What gives the latest rumours more credence than previous claims is the fact that the source of the alien items is not just one individual or one group, but several different lone wolf pilots.

Is this another hoax? Another stunt?

Federation Withdraws from Panem

Following on from the deployment of Federal aid to the beleaguered farmers of Panem, President Halsey has today announced her intention to recall all Federal forces from Kappa Fornacis.

The President has said of this:

"I am pleased with how our marines turned aid workers were able to help restore order to Panem so quickly - exemplary of what the Federation can offer its allies."

The leader of the Kappa Fornacis Farmer's Association, Georgia Algeria, has denounced the Federation's efforts. He said to gathered reporters:

"Don't be fooled by the Federation. They're liars! This is just window dressing. They bully us, they burn us - now they try to buy us. Well we ain't scared and we ain't for sale. We say what happens on Panem, and we say Onionhead will live on!"


Rejuvenation of Kappa Fornacis Underway

While protests on Mars continue, things are looking up for the beleaguered people of Kappa Fornacis, as Federal support agencies have begun delivering aid packages to those affected by the recent bombardment of the Onionhead fields on Panem. One of the protesters on the steps of Congress jeered at this.

"It is a cynical ploy to undo the bad publicity from the bombing. The Federal Navy should never have attacked a peaceful planet - the farmers were taking advantage of a naturally occurring crop."

Entrepreneurial commanders looking to capitalise on the federal grant to rebuild Kappa Fornacis are being asked to source Agricultural Medicine, Crop Harvesters, Terrain Enrichment Systems and as much Biowaste as possible. All goods should be delivered to the logistics centre aboard Harvestport.

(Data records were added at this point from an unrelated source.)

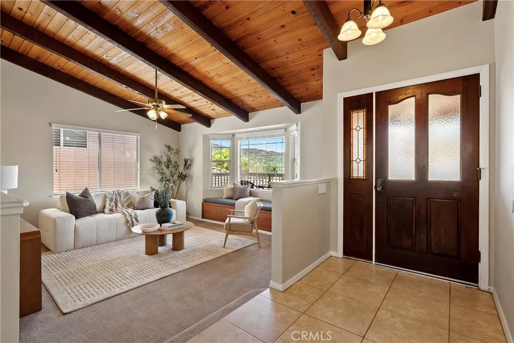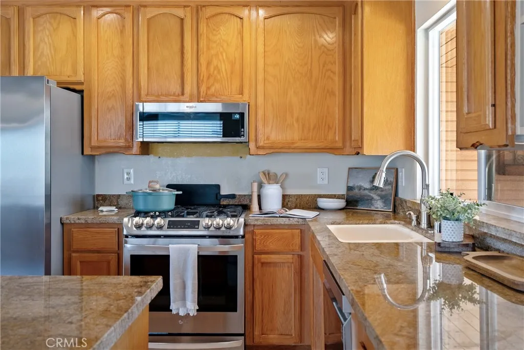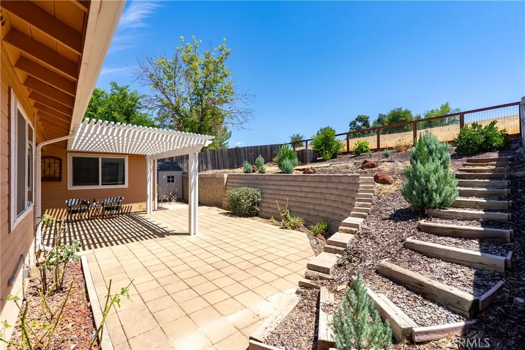 Enjoy Lake life in this three bedroom two bath home is located in a desirable neighborhood in the gated community of Heritage Ranch. Meadow and mountain views from your front porch invite you to sit outside with your morning coffee or an evening glass of wine while you watch the sunset. There are cathedral ceilings and oak beams in the step down living room and in the kitchen and family room area. The kitchen is open to the family room and dining areas and offers granite counter tops, stainless steel appliances, a breakfast bar with pendant lights, and plenty of storage. Relax by the wood burning stove in the family room area on cold winter nights. There is an indoor laundry room with additional storage and access to the back yard. You can also access the back yard from the kitchen. In addition to space for entertaining and barbecuing, the yard offers an upper level perfect for a firepit or spa and backs up to open space. The spacious primary bedroom has a large walk in closet, dual sinks in the bathroom and a french door to the yard. Down the hall are two additional bedrooms and a full bathroom. The garage has cabinet storage, pull down attic access as well as access to under house storage. Community amenities include gated entry private launch ramp, swimming pools, tennis courts, pickleball courts, recreation barn, senior center, equestrian center, riding and hiking trails, dog park, market, fitness center, and gas station. Call your realtor today!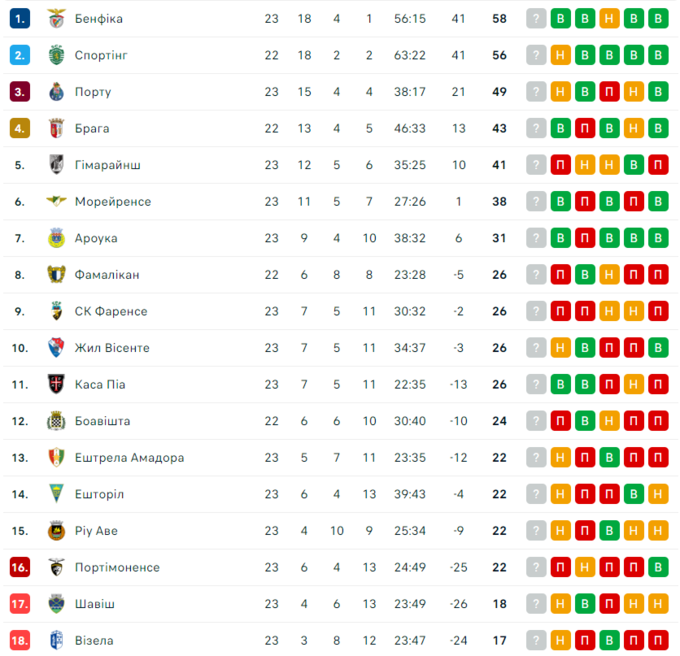 25 лютого відбулися чотири поєдинки чемпіонату Португалії з футболу. «Бенфіка» з Анатолієм Трубіним у складі розібралася з «Портімоненсе». Орест Ледебенко на 90+6 хвилині вирвав для «Візели» дуже важливу нічию.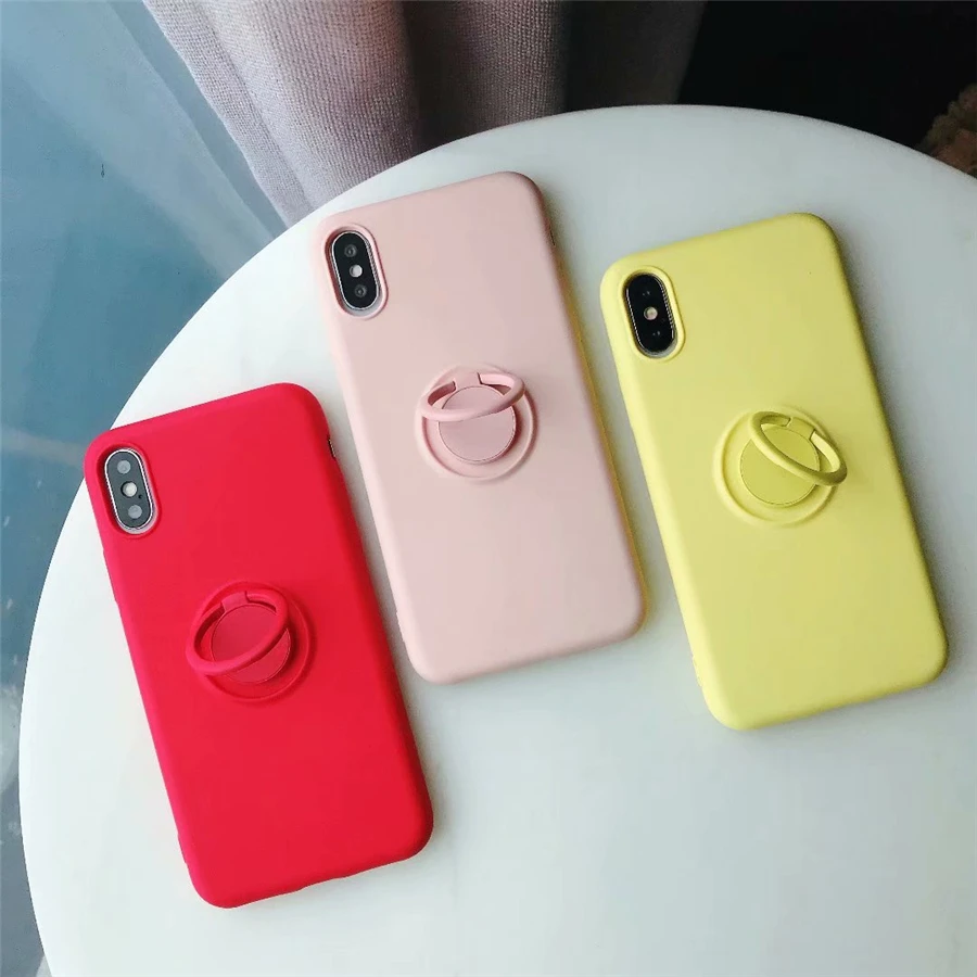 wonderful Soft Silicone Case For iPhone XR 11 Pro 6S XS Max XS X R 7 8 6 Ring Holder Stand Shockproof Silicon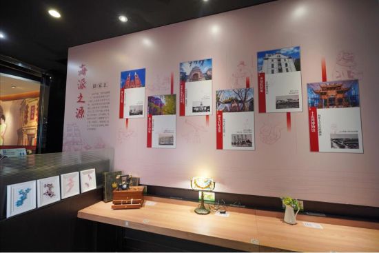 繼續往前,一面巨幅的“海派之源”歷史墻躍然眼前——“徐家匯源”的標志性海派建筑徐匯天主教堂、徐匯公學舊址等新舊對比圖,勾起了觀者的歷史記憶。周圍的旗袍女子圖鑒和融匯了“萬國建筑博物館”的海派印象長墻,更是別具風味。深入餐廳,在“流聲歲月”區,黑膠唱片和明星封面錯落有致地掛在卡座區上方,似乎在將舊時代的輝煌娓娓道來。記者注意到,三三兩兩的消費者中不乏穿著旗袍的年輕女孩,在盡享美食的同時欣賞著桌面別具創意的旗袍文化長圖。

Georgio Algeria of the Farmer's Union on Panem said:

"We did OK from Onionhead. Here and on Luca. We're here to stay. Keep your stinking aid. Be happy. Onionhead helps!"

Lucan Onionhead Declared an Illegal Narcotic

After a week of hurried testing and rushed legislation, finally Lucan Onionhead has been declared an illegal narcotic in all sectors of Federal space. This new statute was rushed onto the books in response to the appearance of a new, slightly modified strain of Onionhead in the Tanmark system.

Onionhead has proven to be a contentious issue among Federal communities over the last few months. The drug is extremely popular among young adults, with many claiming the use of Onionhead is completely harmless.

President Halsey disagrees, pointing to reports by respected Federal scientists that warn of the dangers associated with the popular narcotic. Evidence collected by Federal scientists supposedly suggests the neurological damage being done by the drug not only causes severe impairment of judgement in the short term, but that it may also cause amyloid plaques to form throughout the brains of long term users. Such studies have yet to be made available to the public.